Hello. I found this discussion while I was using Adaboost with LogisticRegression as a classifier.

In the following line of AdaboostClassifier, sample_weight is normalized as summing up to 1 on every iteration. I think this means that the sample_weight parameters must have some consistency on it's behavior because this kind of generic programming should be possible.

#scikit-learn/sklearn/ensemble/_weight_boosting.py
#line 161
            if iboost < self.n_estimators - 1:    
                # Normalize   
                sample_weight /= sample_weight_sum

I think this is natural. As a user, when I saw this behavior in the first place, I thought it was a bug.

In contrast, if we use sample_weight=None, sample_weight is given by np.ones().

#scikit-learn/sklearn/linear_model/_logistic.py
#line 120
    if sample_weight is None:
        sample_weight = np.ones(n_samples)

So this means that when you plug in C=alpha into a single LogisticRegression, you should plug in C=n_sample * alpha for AdaBoostClassifier with LogisticRegression.

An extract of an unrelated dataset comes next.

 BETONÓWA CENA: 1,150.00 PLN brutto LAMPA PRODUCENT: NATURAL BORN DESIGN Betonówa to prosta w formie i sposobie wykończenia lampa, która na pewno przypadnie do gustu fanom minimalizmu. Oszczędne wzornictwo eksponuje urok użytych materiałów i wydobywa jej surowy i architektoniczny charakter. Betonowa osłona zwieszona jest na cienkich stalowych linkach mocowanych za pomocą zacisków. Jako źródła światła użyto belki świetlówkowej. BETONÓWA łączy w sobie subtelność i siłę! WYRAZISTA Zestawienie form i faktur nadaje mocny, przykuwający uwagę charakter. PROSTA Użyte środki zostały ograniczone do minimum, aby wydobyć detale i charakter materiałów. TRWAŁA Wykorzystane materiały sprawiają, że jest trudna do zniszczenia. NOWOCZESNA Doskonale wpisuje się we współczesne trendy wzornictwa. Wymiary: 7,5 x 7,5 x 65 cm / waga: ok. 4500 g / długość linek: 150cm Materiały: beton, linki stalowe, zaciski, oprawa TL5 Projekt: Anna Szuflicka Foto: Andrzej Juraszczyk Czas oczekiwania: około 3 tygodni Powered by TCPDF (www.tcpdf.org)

Edit: However, on some simulations using this adjustment, this kind of produced some behavior of slow convergence. Following is a link to Google Colab Notebook which expresses this behavior. link: https://colab.research.google.com/drive/1JXEVs6fHx-_sUV7qREmMAVThxWoJIGFG

Note: LogisticRegression with penalty='l2' was scale insensitive within some numerically small errors.

rth commented 4 years ago

Just found out about https://github.com/scikit-learn/scikit-learn/issues/11316 by Joel on the same subject 1.5 years earlier ...

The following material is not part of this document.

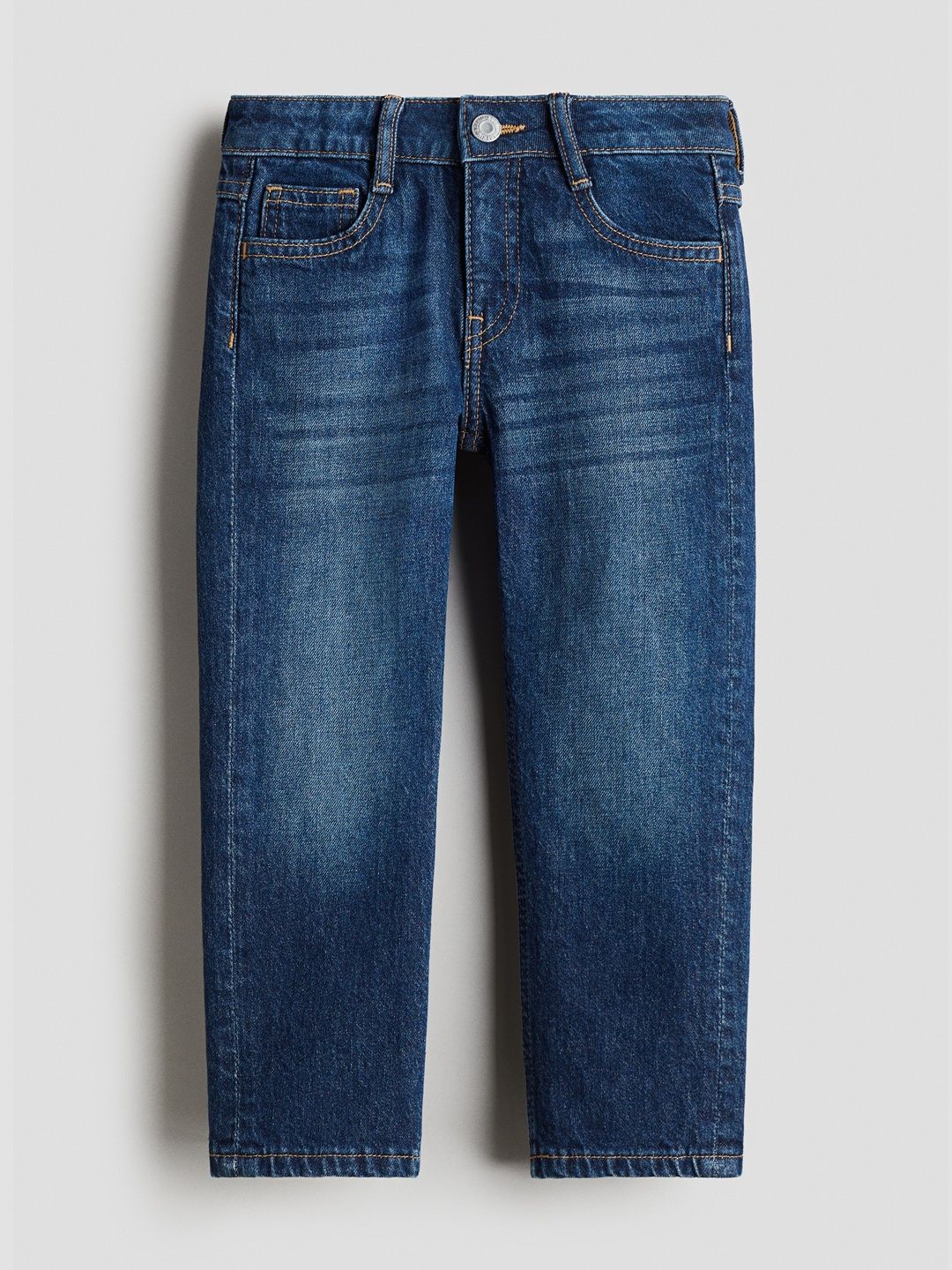 5-pocket jeans in soft, stretchy cotton denim. Relaxed fit through the hip, thigh and leg. Adjustable, elasticated waist and a zip fly with a button.

I think we can find a bit more clarity about the exceptions to that rule, if we flip the question on its head and say: which parameters should be invariant to the scale of the weights (and which not)?

I agree @jnothman , that sounds like a very nice generalization! It's a bit harder to enforce that systematically though.

glemaitre commented 2 years ago

I am coming back on this RFC because it recently appear in some new issues and discussions. Putting @agramfort in the loop. As I mentioned in the different discussions, I think that we should settle on the loss of the linear model and how sample-weight is used. Once we have that we can design the expected tests and solve any bugs if there are any. In addition, we should then document it properly and I assume that the potential caveat there would be related to the coefficients scale or the regularization parameter values.

ogrisel commented 2 years ago

I think that we should enforce (and test) the intuitive behavior that duplicating a sample in the training set without weight should be equivalent to setting its weight to 2.0.

There is a test for linear models that was proposed in #15554.

ogrisel commented 2 months ago

I think the general expectation is that weighting training points with positive integer weights (including 0 or 1 but not only) should be equivalent to repeating those training points the same number of times (equivalent of dropping for 0 weights, and no repetition for unit weights). This strategy is being used in a dedicated test in #29419 and #29442.

This is a general rule that includes the kind="ones" and kind="zeros" testing strategies currently implemented in check_sample_weights_invariance. I think this check should be updated to include the general case with a mix of random integer weights between 0 and 3 instead.

ogrisel commented 2 months ago

Note that #16298 is a tracking meta-issue for estimators that have been detected as not correctly handling sample_weight.